Warehouses and manufacturing facilities commonly have sectional overhead doors to keep weather, dirt, debris and insects from entering the structure. New federal requirements for air standards in employee work areas mandate a controlled environment. Sanitation is a consideration that has brought about changes in the methods of opening sectional overhead doors to vent and cool buildings.
The new requirements are affecting building construction. Sectional overhead doors may need to be kept closed to meet air standard requirements, leaving the doors vulnerable to damage. Protecting sectional overhead doors from potential damage has thus become a concern in industry.

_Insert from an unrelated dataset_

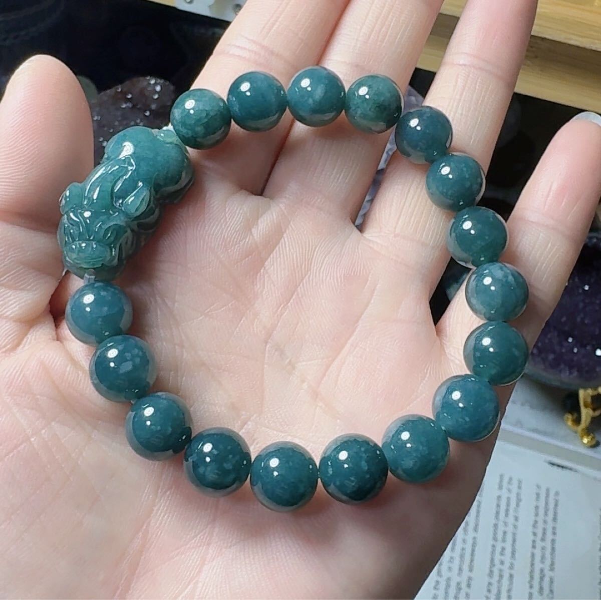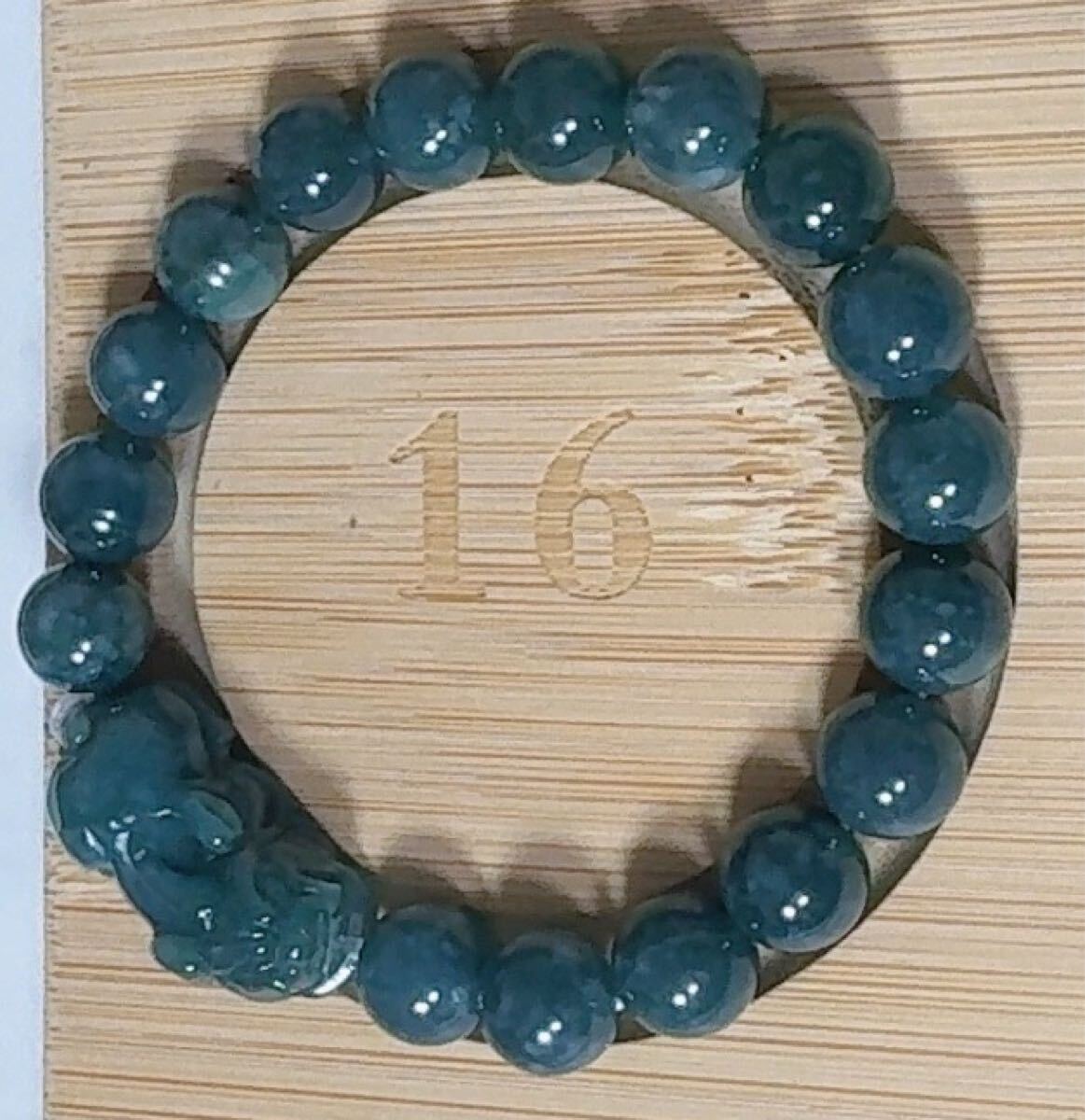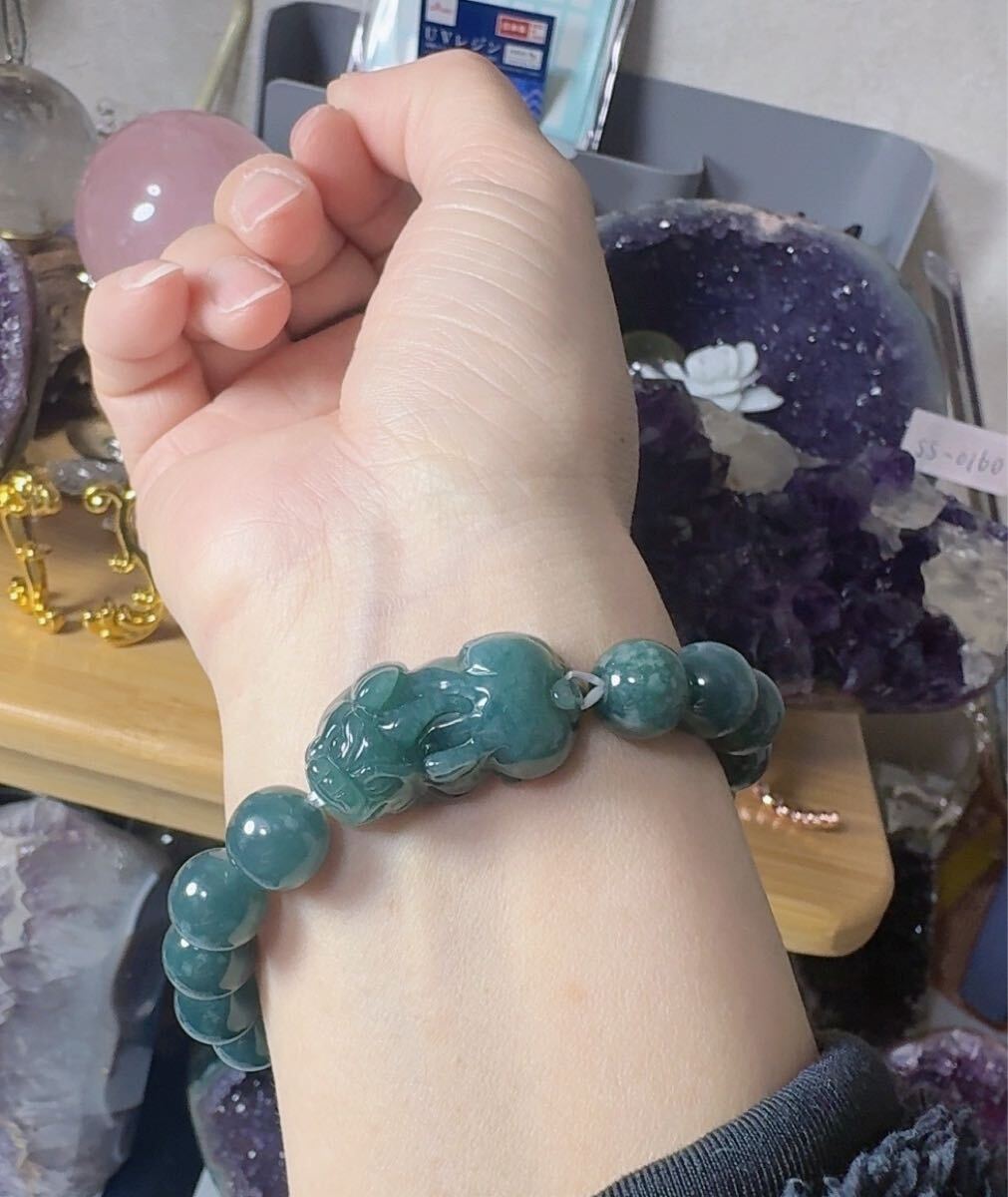 R2-0660天然本翡翠《本物保証》 貔貅ブレスレット16cm 一点物 魔除け 昇進 成功 風水 金運 財運 幸運 幸福 縁起物 パワーストーン

Several types of protection devices have been developed for sectional overhead doors to prevent damage from an impacting force. U.S. Pat. No. 5,720,332 to Nachreiner (1996) discloses a complex impact absorbing panel assembly. However, only the bottom panel of the door is protected, leaving the rest of the door unprotected. The bottom impact absorbing panel provides no protection if the door is in the fully opened position. Also, the impact panel has a series of security locks, which, if left unlatched, create a security problem.
Although security doors address different issues, protection can be provided by installing a second complete, sectional overhead security door and track adjacent to a sectional overhead door. U.S. Pat. No. 5,408,789 to Plfeger (1993) discloses a security sectional overhead door including a safety beam. However, the small area of the safety beam leaves the rest of the door unprotected from damage by vehicles or freight, and damage to both the sectional overhead door types is possible. Thus, if the sectional overhead security door were to provide protection, the operator would be required to perform additional labor for closing. Also, maintenance costs may be significant for service on the sectional overhead security door and the sectional overhead door.

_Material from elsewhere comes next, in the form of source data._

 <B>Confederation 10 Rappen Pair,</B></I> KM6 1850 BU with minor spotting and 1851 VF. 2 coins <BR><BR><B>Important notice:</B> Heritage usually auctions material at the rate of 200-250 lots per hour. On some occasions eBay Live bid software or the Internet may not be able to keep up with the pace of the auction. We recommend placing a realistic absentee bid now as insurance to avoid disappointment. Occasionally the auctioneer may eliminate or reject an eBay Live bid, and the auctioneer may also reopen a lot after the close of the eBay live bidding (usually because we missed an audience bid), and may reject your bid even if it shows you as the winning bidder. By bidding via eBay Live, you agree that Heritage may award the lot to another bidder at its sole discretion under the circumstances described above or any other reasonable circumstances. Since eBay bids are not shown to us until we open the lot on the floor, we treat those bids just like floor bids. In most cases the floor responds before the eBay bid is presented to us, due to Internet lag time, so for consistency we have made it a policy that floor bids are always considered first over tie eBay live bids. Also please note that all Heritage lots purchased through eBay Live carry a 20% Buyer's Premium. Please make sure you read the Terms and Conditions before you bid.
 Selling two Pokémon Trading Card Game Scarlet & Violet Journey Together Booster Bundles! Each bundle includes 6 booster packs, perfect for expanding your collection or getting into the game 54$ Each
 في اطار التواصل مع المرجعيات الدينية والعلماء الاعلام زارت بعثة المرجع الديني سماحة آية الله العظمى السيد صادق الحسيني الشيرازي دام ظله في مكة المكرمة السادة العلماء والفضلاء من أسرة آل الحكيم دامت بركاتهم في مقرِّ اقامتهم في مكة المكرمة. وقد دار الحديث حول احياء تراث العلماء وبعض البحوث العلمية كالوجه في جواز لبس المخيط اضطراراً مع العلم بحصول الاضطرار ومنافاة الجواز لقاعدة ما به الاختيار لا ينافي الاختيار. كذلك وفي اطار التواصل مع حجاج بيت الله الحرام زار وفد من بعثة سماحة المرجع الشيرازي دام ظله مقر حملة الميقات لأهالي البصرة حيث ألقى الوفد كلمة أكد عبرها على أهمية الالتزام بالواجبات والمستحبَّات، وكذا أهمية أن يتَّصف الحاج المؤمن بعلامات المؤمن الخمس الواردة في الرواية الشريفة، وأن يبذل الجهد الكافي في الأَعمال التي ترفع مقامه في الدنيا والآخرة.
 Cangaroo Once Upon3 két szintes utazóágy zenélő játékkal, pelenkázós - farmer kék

Several types of thin, flat barriers exist. For example, the U.S. Pat. No. 4,356,668 to Wagner (1980) discloses barriers for sectional overhead door protection. Although inexpensive to manufacture, the barriers can be used only once in most cases. The several barriers disclosed are dependent on an elaborate system of pulleys and switches requiring periodic service to keep the systems operational.
Also, U.S. Pat. No. 5,649,396 to Carr (1997) discloses a safety barrier for use across a vehicle passageway to prevent a vehicle from moving off the end of a loading dock. However, it does not appear that the barrier provides protection for an adjacent sectional overhead door from impact by, say, a forklift fork or a pallet. Also, there does not appear to be protection for the sectional overhead door while in the opened position.
Known forms of sectional overhead door protection devices suffer from a number of disadvantages in that they: (a) Fail to provide protection for the sectional overhead door while it is in the fully opened position; (b) Become complicated with pulleys, switches and the like that require high maintenance and extra expenses; (c) Fail to withstand multitudes of impacts; and (d) Lack an ability to alert operators that the protection device is undergoing stress.
Preferred forms of the present invention are exemplified by the accompanying drawings, in which:
Before describing preferred elements of the invention in detail, general aspects of the invention as a whole will be set forth with reference to the exemplary forms shown in the drawings.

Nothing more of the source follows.